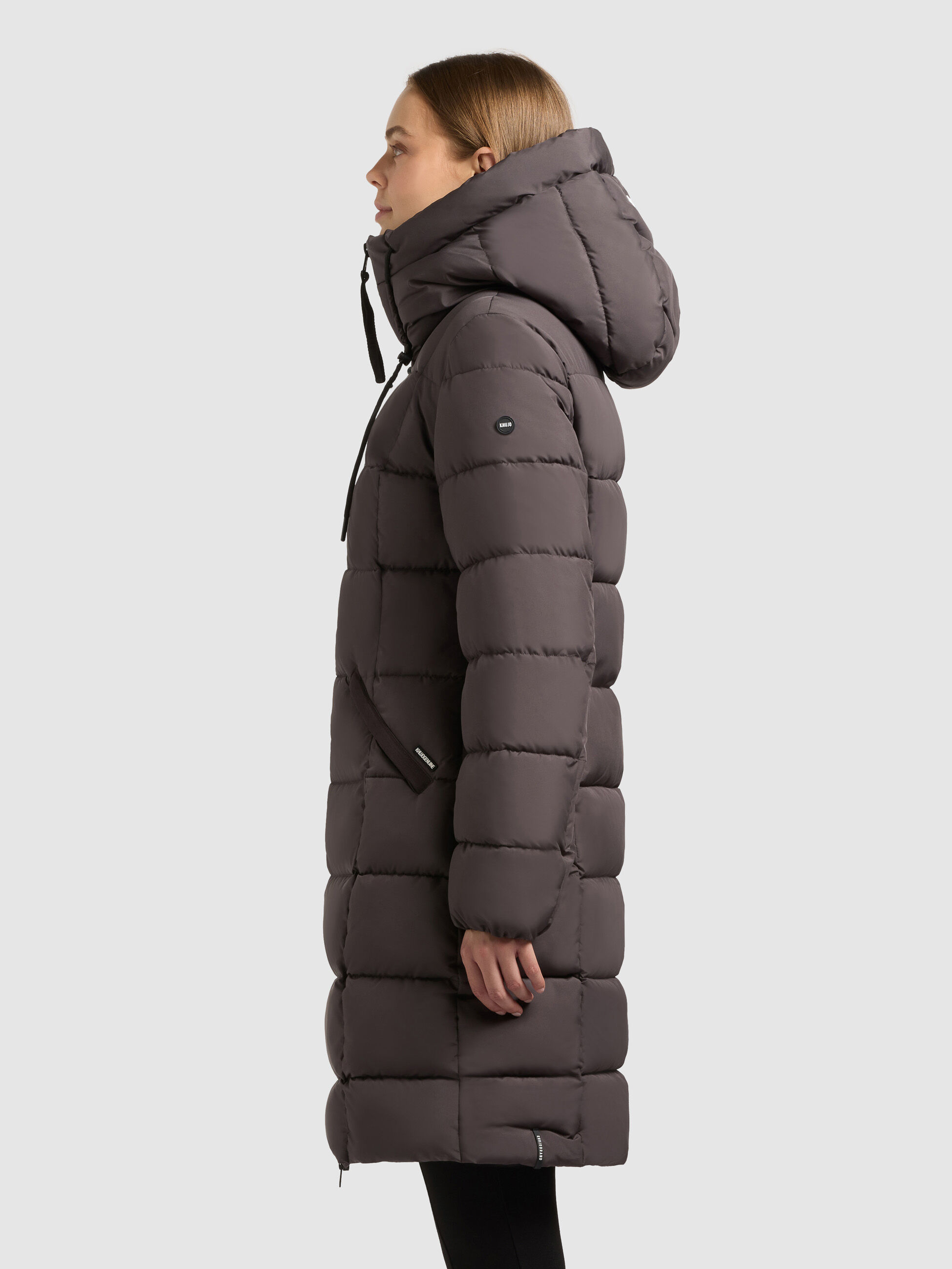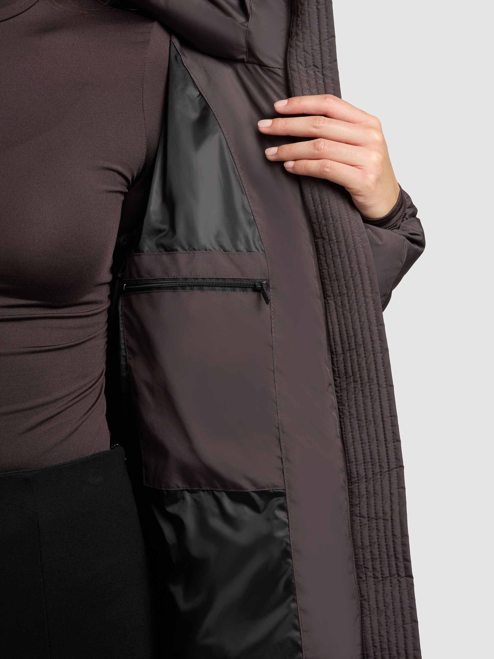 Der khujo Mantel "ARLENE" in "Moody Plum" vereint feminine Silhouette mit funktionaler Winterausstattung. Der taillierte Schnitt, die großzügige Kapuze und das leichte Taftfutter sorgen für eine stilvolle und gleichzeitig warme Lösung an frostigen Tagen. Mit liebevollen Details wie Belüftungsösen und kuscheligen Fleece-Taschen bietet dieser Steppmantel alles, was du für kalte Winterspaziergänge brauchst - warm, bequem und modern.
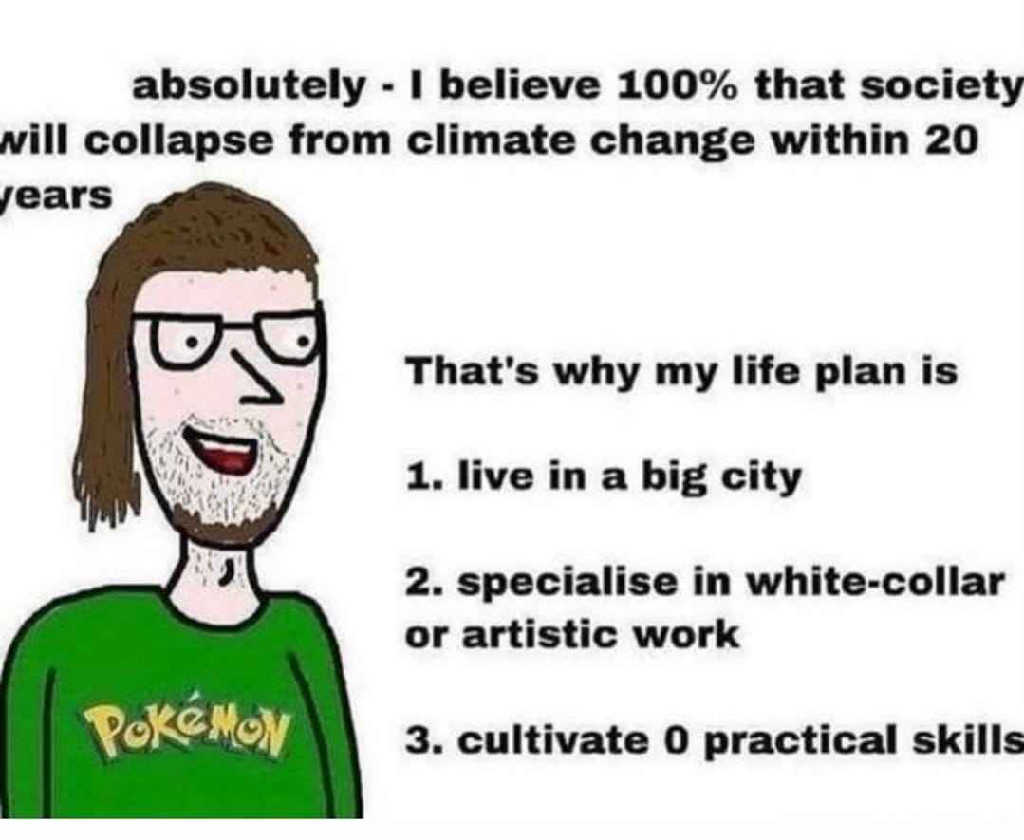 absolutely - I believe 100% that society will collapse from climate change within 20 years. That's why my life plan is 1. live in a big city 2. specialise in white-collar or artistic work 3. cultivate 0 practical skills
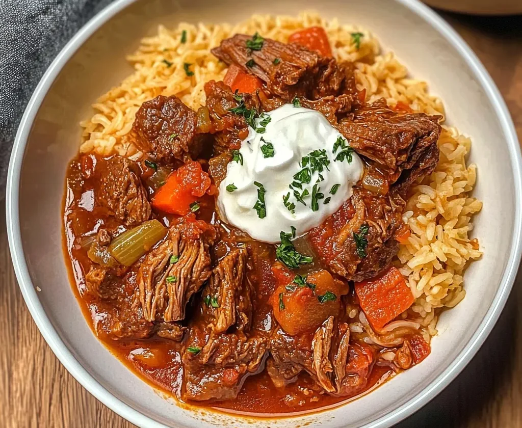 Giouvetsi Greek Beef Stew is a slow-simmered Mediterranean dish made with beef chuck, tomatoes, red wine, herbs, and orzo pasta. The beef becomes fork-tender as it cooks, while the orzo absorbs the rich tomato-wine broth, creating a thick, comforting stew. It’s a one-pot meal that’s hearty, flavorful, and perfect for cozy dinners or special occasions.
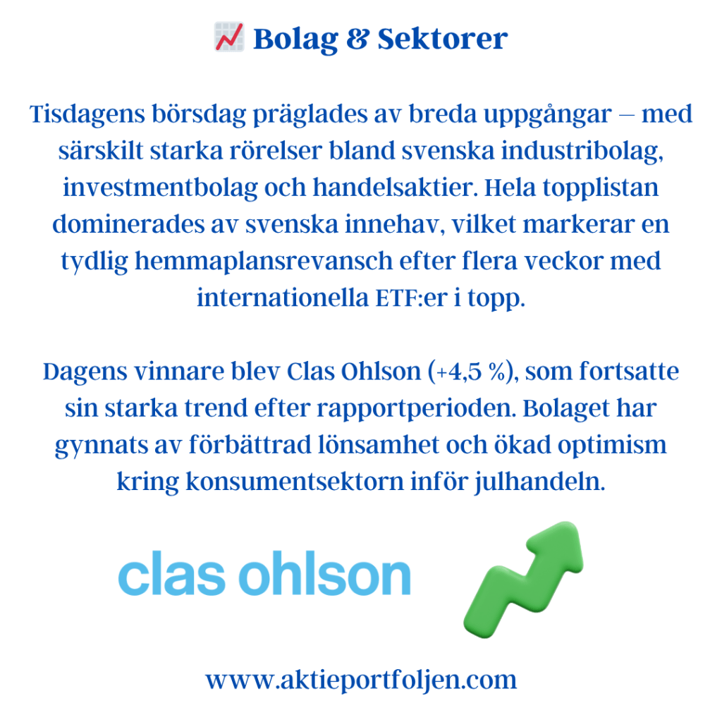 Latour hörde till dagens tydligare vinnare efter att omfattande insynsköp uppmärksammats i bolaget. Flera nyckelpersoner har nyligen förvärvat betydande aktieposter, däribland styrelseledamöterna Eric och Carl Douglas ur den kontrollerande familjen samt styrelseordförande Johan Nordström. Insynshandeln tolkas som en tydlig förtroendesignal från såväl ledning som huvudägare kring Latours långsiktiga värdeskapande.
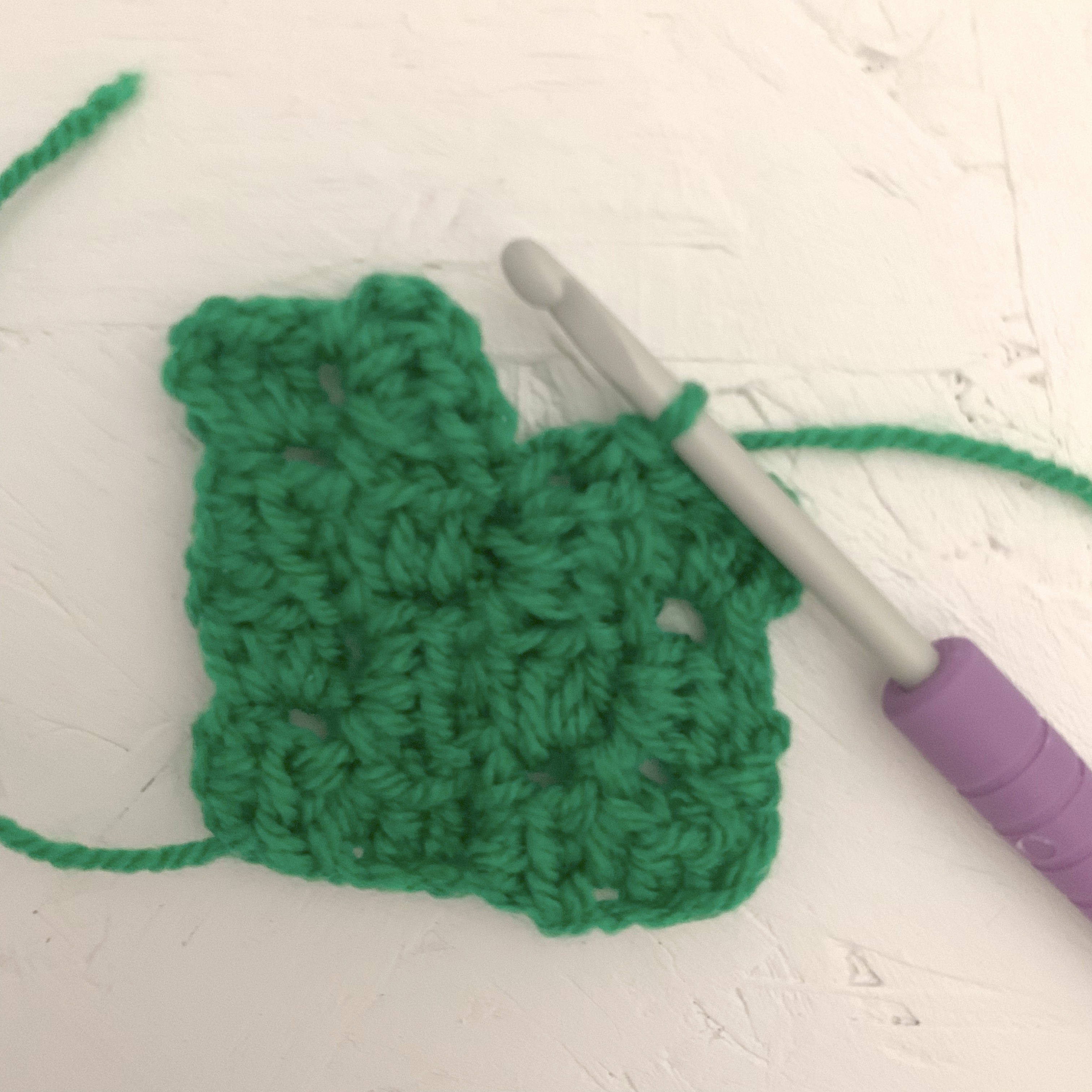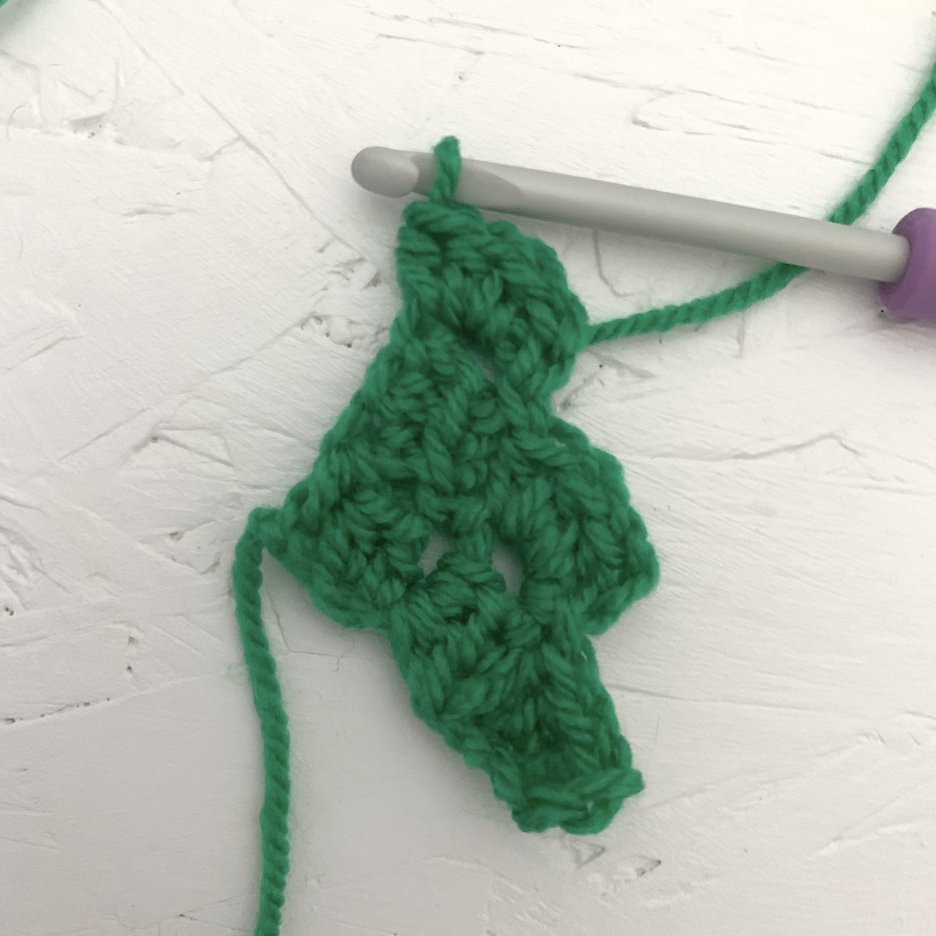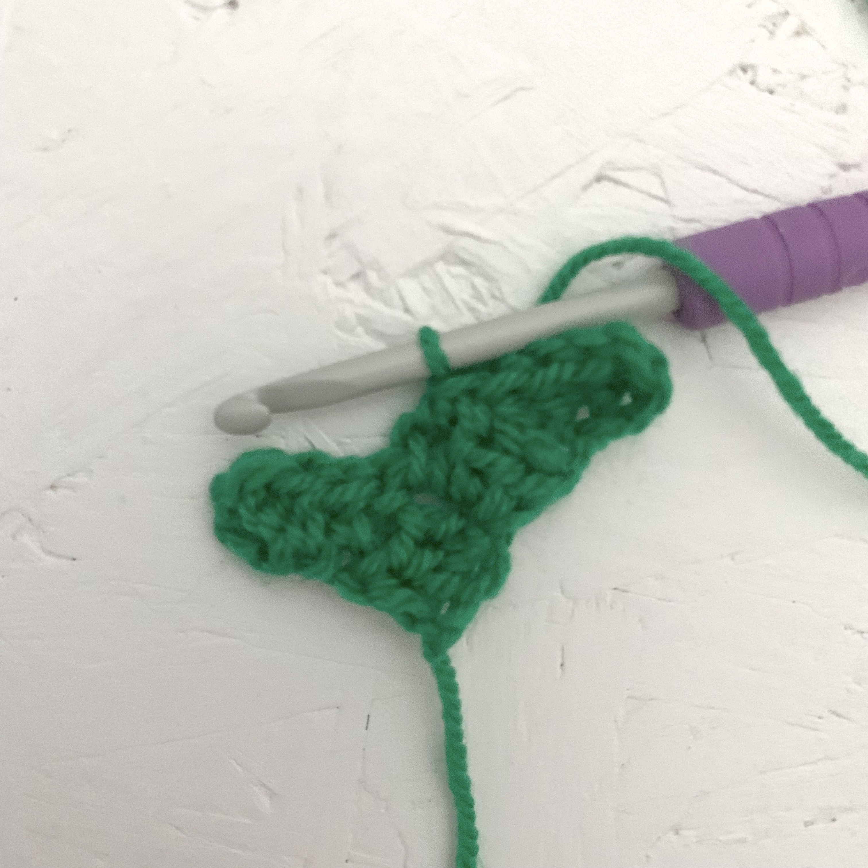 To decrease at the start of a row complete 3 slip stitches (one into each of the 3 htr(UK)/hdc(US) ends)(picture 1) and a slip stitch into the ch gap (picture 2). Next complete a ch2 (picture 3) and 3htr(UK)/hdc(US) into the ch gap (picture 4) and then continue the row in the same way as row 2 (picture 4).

--------

* [Your task]:
None of the pictures should appear, though every line of the data above must be reproduced exactly.

* [Exercise solution]:
 Der khujo Mantel "ARLENE" in "Moody Plum" vereint feminine Silhouette mit funktionaler Winterausstattung. Der taillierte Schnitt, die großzügige Kapuze und das leichte Taftfutter sorgen für eine stilvolle und gleichzeitig warme Lösung an frostigen Tagen. Mit liebevollen Details wie Belüftungsösen und kuscheligen Fleece-Taschen bietet dieser Steppmantel alles, was du für kalte Winterspaziergänge brauchst - warm, bequem und modern.
 absolutely - I believe 100% that society will collapse from climate change within 20 years. That's why my life plan is 1. live in a big city 2. specialise in white-collar or artistic work 3. cultivate 0 practical skills
 Giouvetsi Greek Beef Stew is a slow-simmered Mediterranean dish made with beef chuck, tomatoes, red wine, herbs, and orzo pasta. The beef becomes fork-tender as it cooks, while the orzo absorbs the rich tomato-wine broth, creating a thick, comforting stew. It’s a one-pot meal that’s hearty, flavorful, and perfect for cozy dinners or special occasions.
 Latour hörde till dagens tydligare vinnare efter att omfattande insynsköp uppmärksammats i bolaget. Flera nyckelpersoner har nyligen förvärvat betydande aktieposter, däribland styrelseledamöterna Eric och Carl Douglas ur den kontrollerande familjen samt styrelseordförande Johan Nordström. Insynshandeln tolkas som en tydlig förtroendesignal från såväl ledning som huvudägare kring Latours långsiktiga värdeskapande.
 To decrease at the start of a row complete 3 slip stitches (one into each of the 3 htr(UK)/hdc(US) ends)(picture 1) and a slip stitch into the ch gap (picture 2). Next complete a ch2 (picture 3) and 3htr(UK)/hdc(US) into the ch gap (picture 4) and then continue the row in the same way as row 2 (picture 4).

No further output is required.